**Dataset content:**
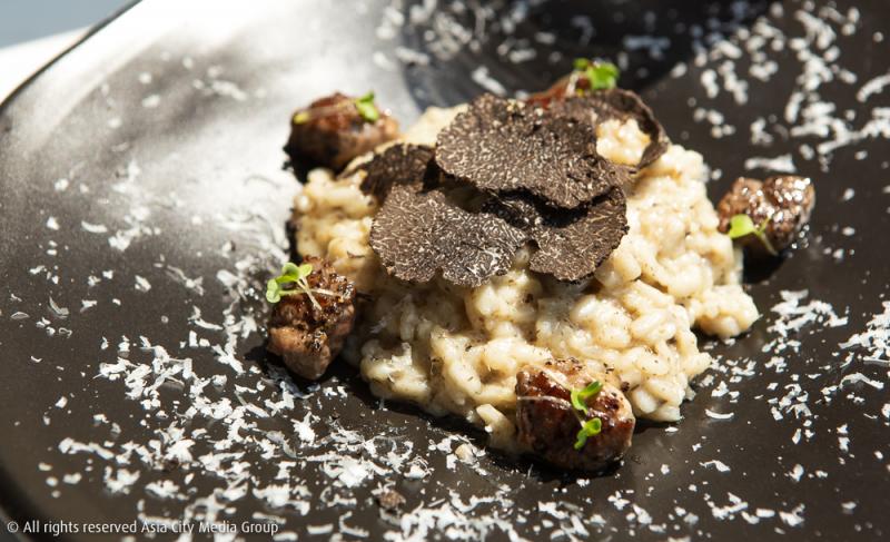 มาถึงเมนคอร์สกันบ้างกับเมนูที่เชฟตั้งชื่อว่า 'Ground and Grain' ข้าวสายพันธุ์ยุโรปที่ปลูกจากดินคุณภาพดีถูกนำมาทำเป็นรีซอตโต้สไตล์ Al Dente คือต้มแบบไม่สุกมาก ยังมีความกรึบ ๆ อยู่ตรงกลางเมล็ดข้าว เสิร์ฟมาพร้อมเนื้อวากิวจากออสเตรเลียที่ถูกขุนด้วยธัญพืชล้วน ๆ นำมาหั่นเป็นไซซ์ลูกเต๋าพอดีคำและดาดบนกระทะให้พอสุกเหมือนทำสเต็ก ท็อปด้านบนด้วยเห็ดทรัฟเฟิลดำที่มีเฉพาะช่วงฤดูหนาวเท่านั้น เอาจริง ๆ คือแค่ได้มากินเมนูนี้เมนูเดียวก็คุ้มค่ากับคอร์สราคา 1,690++ บาทแล้วเด้อ!
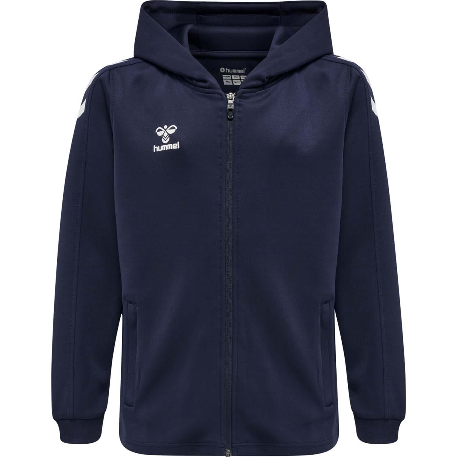 Hummel Kinder Kapuzenjacke Core XK Poly Zip Hood Sweat. Was auch immer das Wetter in petto hat, der hmlCORE XK POLY ZIP HOOD SWEAT KIDS ist der perfekte Trainingshoodie. Der Sweatstoff sorgt für ein trockenes und frisches Tragegefühl und die BEECOOL® Technologie verbessert zusätzlich die Atmungsaktivität. Der Frontreißverschluss und die Kapuze bieten auf das Wetter abgestimmte Tragemöglichkeiten. Der Bund ist elastisch und gewährleistet etwas mehr Flexibilität und Komfort, damit die Kleinen sich ganz auf ihre Übungen konzentrieren können. Der auffällige hummel® Logoaufdruck und die legendären Winkel runden den Look ab. Material: 98% Polyester, 2% Elasthan.
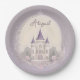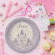 Jolies assiettes de château de conte de fées violet customisées d'un nom.

**Exercise aim:**
Copy all of the data above exactly. Leave out every picture.

**Output below:**
 มาถึงเมนคอร์สกันบ้างกับเมนูที่เชฟตั้งชื่อว่า 'Ground and Grain' ข้าวสายพันธุ์ยุโรปที่ปลูกจากดินคุณภาพดีถูกนำมาทำเป็นรีซอตโต้สไตล์ Al Dente คือต้มแบบไม่สุกมาก ยังมีความกรึบ ๆ อยู่ตรงกลางเมล็ดข้าว เสิร์ฟมาพร้อมเนื้อวากิวจากออสเตรเลียที่ถูกขุนด้วยธัญพืชล้วน ๆ นำมาหั่นเป็นไซซ์ลูกเต๋าพอดีคำและดาดบนกระทะให้พอสุกเหมือนทำสเต็ก ท็อปด้านบนด้วยเห็ดทรัฟเฟิลดำที่มีเฉพาะช่วงฤดูหนาวเท่านั้น เอาจริง ๆ คือแค่ได้มากินเมนูนี้เมนูเดียวก็คุ้มค่ากับคอร์สราคา 1,690++ บาทแล้วเด้อ!
 Hummel Kinder Kapuzenjacke Core XK Poly Zip Hood Sweat. Was auch immer das Wetter in petto hat, der hmlCORE XK POLY ZIP HOOD SWEAT KIDS ist der perfekte Trainingshoodie. Der Sweatstoff sorgt für ein trockenes und frisches Tragegefühl und die BEECOOL® Technologie verbessert zusätzlich die Atmungsaktivität. Der Frontreißverschluss und die Kapuze bieten auf das Wetter abgestimmte Tragemöglichkeiten. Der Bund ist elastisch und gewährleistet etwas mehr Flexibilität und Komfort, damit die Kleinen sich ganz auf ihre Übungen konzentrieren können. Der auffällige hummel® Logoaufdruck und die legendären Winkel runden den Look ab. Material: 98% Polyester, 2% Elasthan.
 Jolies assiettes de château de conte de fées violet customisées d'un nom.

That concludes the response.